ECE2016 Eposter Presentations Diabetes complications (55 abstracts)
Clinic of Endocrinology, Belgrade, Serbia.
Introduction: It is common that patients with diabetes have a dominant parasympathetic dysfunction.
Aim: Assessing the function of the autonomic nervous system in diabetic subjects.
Methodology: Task force monitor was used for testing at rest and passive orthostasis evaluating baroreceptor sensitivity (BRS), spectrum variability of RR-interval of high frequencies HF RRI which is linked to the parasympathetic, low frequency variability of diastolic blood pressure interval LF-DBP, partly linked to effects of sympathicus, LF HF RRI sympathovagal balance of RR interval. In the first group were 20 subjects with type 1 diabetes, age X 37 years, of which 12 men and eight women. The second group contained 25 subjects with type 2 diabetes, age X 62 years of which 18 men and seven women.

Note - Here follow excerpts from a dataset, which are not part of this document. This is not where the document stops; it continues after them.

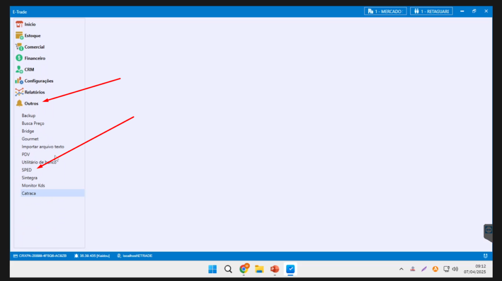 Passo 1: Abra o Etrade e vá na aba “outros” < “Sped”
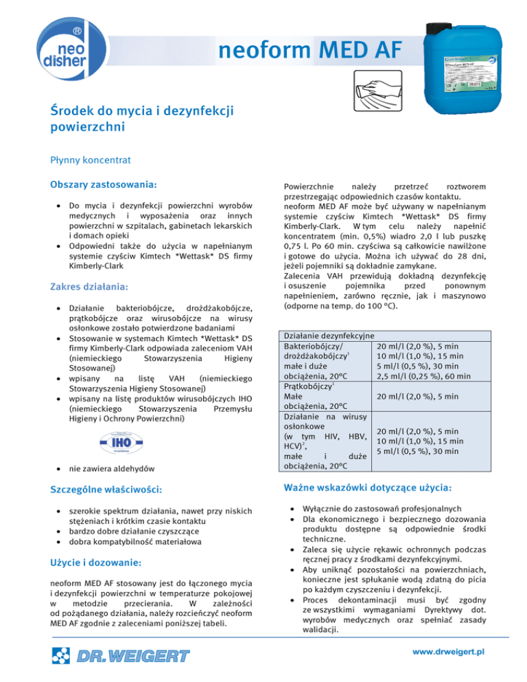 neoform MED AF Środek do mycia i dezynfekcji powierzchni Płynny koncentrat Obszary zastosowania: • Do mycia i dezynfekcji powierzchni wyrobów medycznych i wyposażenia oraz innych powierzchni w szpitalach, gabinetach lekarskich i domach opieki • Odpowiedni także do użycia w napełnianym systemie czyściw Kimtech *Wettask* DS firmy Kimberly-Clark Zakres działania: • Działanie bakteriobójcze, drożdżakobójcze, prątkobójcze oraz wirusobójcze na wirusy osłonkowe zostało potwierdzone badaniami • Stosowanie w systemach Kimtech *Wettask* DS firmy Kimberly-Clark odpowiada zaleceniom VAH (niemieckiego Stowarzyszenia Higieny Stosowanej) • wpisany na listę VAH (niemieckiego Stowarzyszenia Higieny Stosowanej) • wpisany na listę produktów wirusobójczych IHO (niemieckiego Stowarzyszenia Przemysłu Higieny i Ochrony Powierzchni) • nie zawiera aldehydów Szczególne właściwości: • szerokie spektrum działania, nawet przy niskich stężeniach i krótkim czasie kontaktu • bardzo dobre działanie czyszczące • dobra kompatybilność materiałowa Użycie i dozowanie: neoform MED AF stosowany jest do łączonego mycia i dezynfekcji powierzchni w temperaturze pokojowej w metodzie przecierania. W zależności od pożądanego działania, należy rozcieńczyć neoform MED AF zgodnie z zaleceniami poniższej tabeli. Powierzchnie należy przetrzeć roztworem przestrzegając odpowiednich czasów kontaktu. neoform MED AF może być używany w napełnianym systemie czyściw Kimtech *Wettask* DS firmy Kimberly-Clark. W tym celu należy napełnić koncentratem (min. 0,5%) wiadro 2,0 l lub puszkę 0,75 l. Po 60 min. czyściwa są całkowicie nawilżone i gotowe do użycia. Można ich używać do 28 dni, jeżeli pojemniki są dokładnie zamykane. Zalecenia VAH przewidują dokładną dezynfekcję i osuszenie pojemnika przed ponownym napełnieniem, zarówno ręcznie, jak i maszynowo (odporne na temp. do 100 °C). Działanie dezynfekcyjne Bakteriobójczy/ 20 ml/l (2,0 %), 5 min 1 drożdżakobójczy 10 ml/l (1,0 %), 15 min małe i duże 5 ml/l (0,5 %), 30 min obciążenia, 20°C 2,5 ml/l (0,25 %), 60 min 1 Prątkobójczy Małe 20 ml/l (2,0 %), 5 min obciążenia, 20°C Działanie na wirusy osłonkowe 20 ml/l (2,0 %), 5 min (w tym HIV, HBV, 10 ml/l (1,0 %), 15 min 2 HCV) , 5 ml/l (0,5 %), 30 min małe i duże obciążenia, 20°C Ważne wskazówki dotyczące użycia: • Wyłącznie do zastosowań profesjonalnych • Dla ekonomicznego i bezpiecznego dozowania produktu dostępne są odpowiednie środki techniczne. • Zaleca się użycie rękawic ochronnych podczas ręcznej pracy z środkami dezynfekcyjnymi. • Aby uniknąć pozostałości na powierzchniach, konieczne jest spłukanie wodą zdatną do picia po każdym czyszczeniu i dezynfekcji. • Proces dekontaminacji musi być zgodny ze wszystkimi wymaganiami Dyrektywy dot. wyrobów medycznych oraz spełniać zasady walidacji. www.drweigert.pl neoform MED AF • Nie mieszać z innymi produktami. dezynfekcyjne należy • Środki stosować w bezpieczny sposób. Przed użyciem należy zawsze zapoznać się z etykietą produktu. Raporty / opinie: Wpisany na listę VAH (niemieckiego Stowarzyszenia Higieny Stosowanej). Skuteczność dezynfekcyjna została potwierdzona odpowiednimi badaniami. Raporty z badań dostępne są na życzenie. Kompatybilność oraz wytrzymałość systemu Kimtech *Wettask* DS Kimberly-Clark zgodnie z zaleceniami VAH, potwierdzone certyfikatem. Dane techniczne: Wartość pH Lepkość Gęstość Rodzaje zagrożeń i zasady prawidłowego postępowania: Klasyfikacja i oznakowanie koncentratu według Dyrektywy 1999/45/WE odnoszącej się do preparatów niebezpiecznych: Oznaczenie zagrożenia: C – produkt żrący, N – produkt niebezpieczny dla środowiska, zawiera: chlorek didecylodimetyloamoniowy,, chlorowodorek poliheksametylenu biguanidu Rodzaje zagroż zagroż e ń : R 22 R 34 R 43 R 51/53 ok. 6 (koncentrat, 20 °C) < 10 mPa s 1,0 g/cm3 (20 °C) Skład: Prawidł postę Prawidł owe postę powanie niebezpieczną niebezpieczn ą: S 23 Zawartość składników według Rozporządzenia WE 648/2004 w sprawie detergentów: 5-15% niejonowe środki powierzchniowo czynne, substancje zapachowe Substancje aktywne w 100g: 17,5g chlorek didecylodimetyloamoniowy, 4,0g poliheksanidyna S 26 S 27 S 28 Oznakowanie CE: S 36/37/39 neoform MED AF spełnia wymagania dotyczące wyrobów medycznych zgodnie z Dyrektywą 93/42/EWG, załącznik I. S 45 Magazynowanie: Przechowywać w szczelnie zamkniętych pojemnikach w temperaturach od 0 do 25 °C. Przy prawidłowym magazynowaniu okres trwałości wynosi 4 lata od daty produkcji. Data ważności podana jest na etykiecie za symbolem . _________________________________________________________________ 1 zgodnie z wytycznymi DGHM (Niemieckiego Towarzystwa Higieny i Mikrobiologii) 2 zgodnie z wytycznymi RKI/DVV (Instytutu Roberta Kocha / Niemieckiego Stowarzyszenia Zwalczania Chorób Wirusowych) Działa szkodliwie po połknięciu. Powoduje oparzenia. Może powodować uczulenie w kontakcie ze skórą. Działa toksycznie na organizmy wodne. Może powodować długo utrzymujące się niekorzystne zmiany w środowisku wodnym. z mieszaniną mieszaniną Nie wdychać gazu /dymu /pary /rozpylonej cieczy Zanieczyszczone oczy przemyć natychmiast dużą ilością wody i zasięgnąć porady lekarza. Natychmiast zdjąć całą zanieczyszczoną odzież. Zanieczyszczoną skórę natychmiast przemyć dużą ilością Nosić odpowiednią odzież ochronną, odpowiednie rękawice ochronne, i okulary lub ochronę twarzy. W przypadku awarii lub jeżeli źle się poczujesz, niezwłocznie zasięgnij porady lekarza – jeżeli to możliwe, pokaż etykietę. Zamknięte opakowania należy usuwać jako odpady tylko po całkowitym opróżnieniu. Usuwanie resztek produktu według zaleceń zamieszczonych w karcie charakterystyki. Informacje dotyczące bezpieczeństwa i ochrony środowiska znajdują się w karcie charaktery
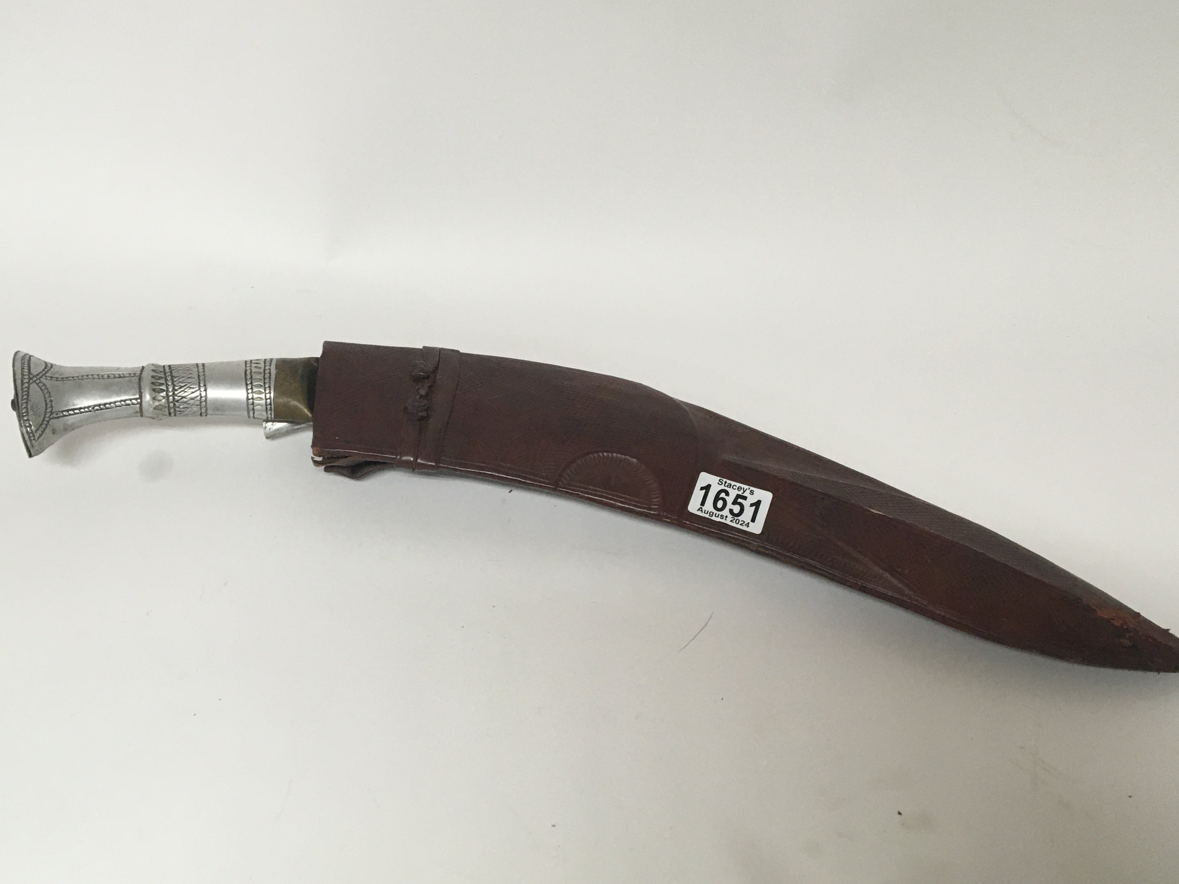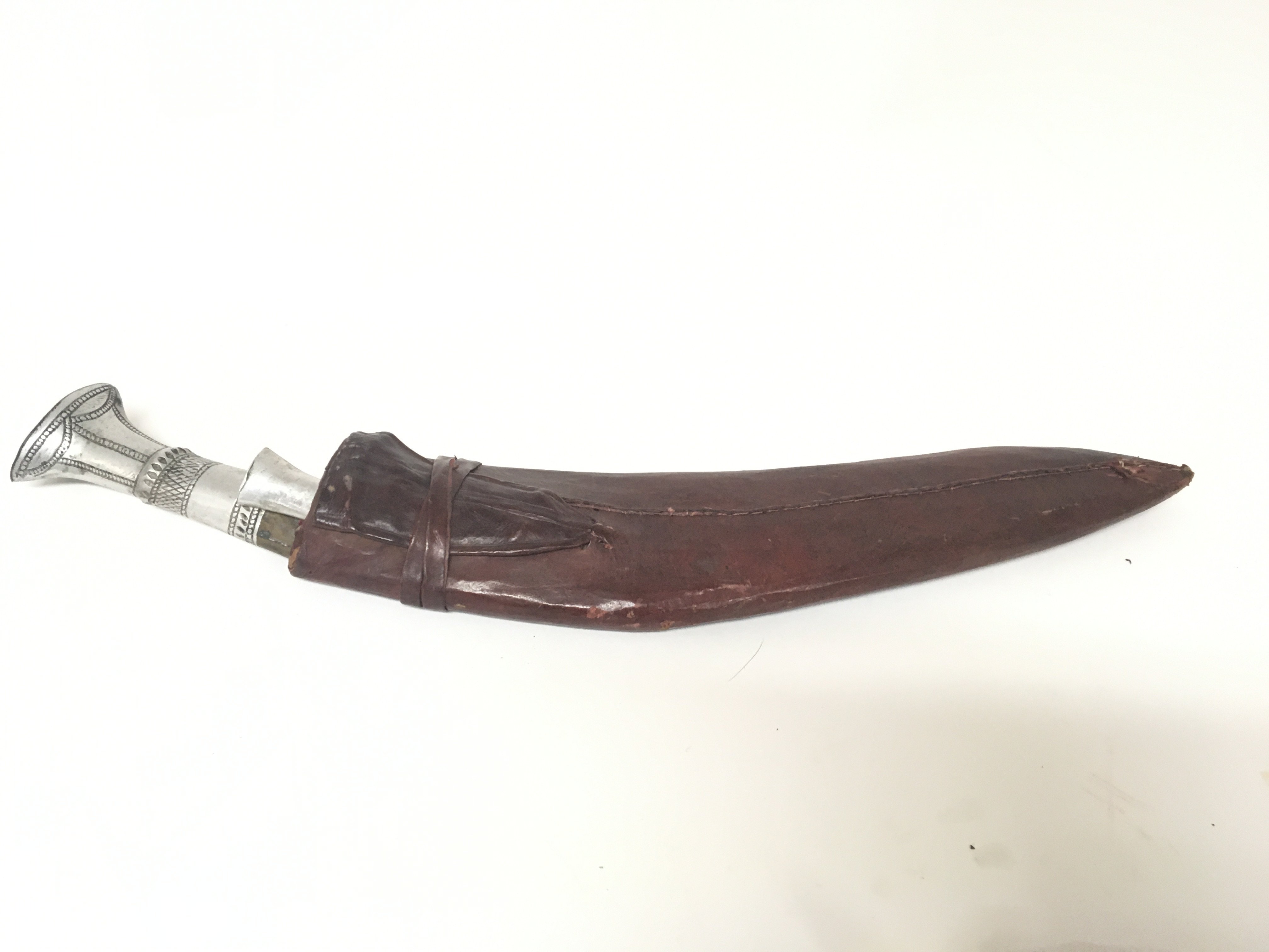 A large old Kukri Knife in a patterned leather scabbard with a silvered handle and small side knifes.length 60cm
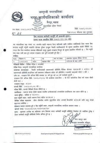 प्राविधिक प्रस्ताव स्वीकृत गरि आर्थिक प्रस्ताव खोल्ने सम्बन्धी जयपृथ्वी नगरपालिकाको सूचना !!!
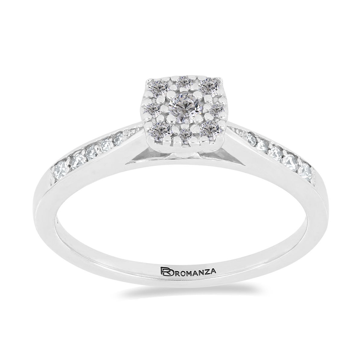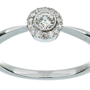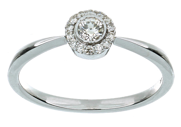 Anillo Solitario Roseta con Montadura 0.19 Quilates de Diamante en ORO BLANCO de 14 kt
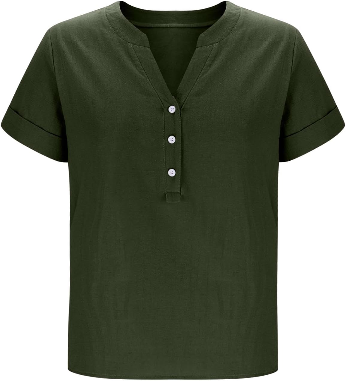 Linen Tops for Women 2025 Summer Button Down V Neck Shirts Casual Short Sleeve Loose Tshirt Cotton Linen Blouse Tees

Results: In groups with type 1 diabetes LF HF at rest X 1.745 S.D. 0.91; LF HF orthostasis X 3.08 S.D. 2.65; LF DBP at rest X 44.79 S.D. 16:52; LF DBP orthostasis X 51.91 S.D. 11:41; HF RRI at rest X 36.01 S.D. 14.65; HF RRI orthostasis X 25.98 S.D. 8.2; BRS at rest X 10.1 S.D. 6.18. In the group with type 2 diabetes LF HF at rest X 4.01 S.D. 7.02; LF HF orthostasis X 4.7 S.D. 8.9; LF DBP at rest X 37.17 S.D. 14.85; LF DBP orthostasis X 37.32 S.D. 10.89; HF RRI at rest X 43.51; S.D. 17:48; HF RRI orthostasis X 43.51 S.D. 23:30; BRS at rest X 9.78 S.D. 6.50. Correlation between the groups showed highly significant difference for LF DBP in orthostasis (P<0.00067).
Conclusion: Significantly lower values of LF DBP were registered in the group with type 2 diabetes, which represents the failure of sympathetic in orthostasis. Analyses revealed sympathetic dysfunction in patients with type 2 diabetes but not in subjects with type 1 diabetes.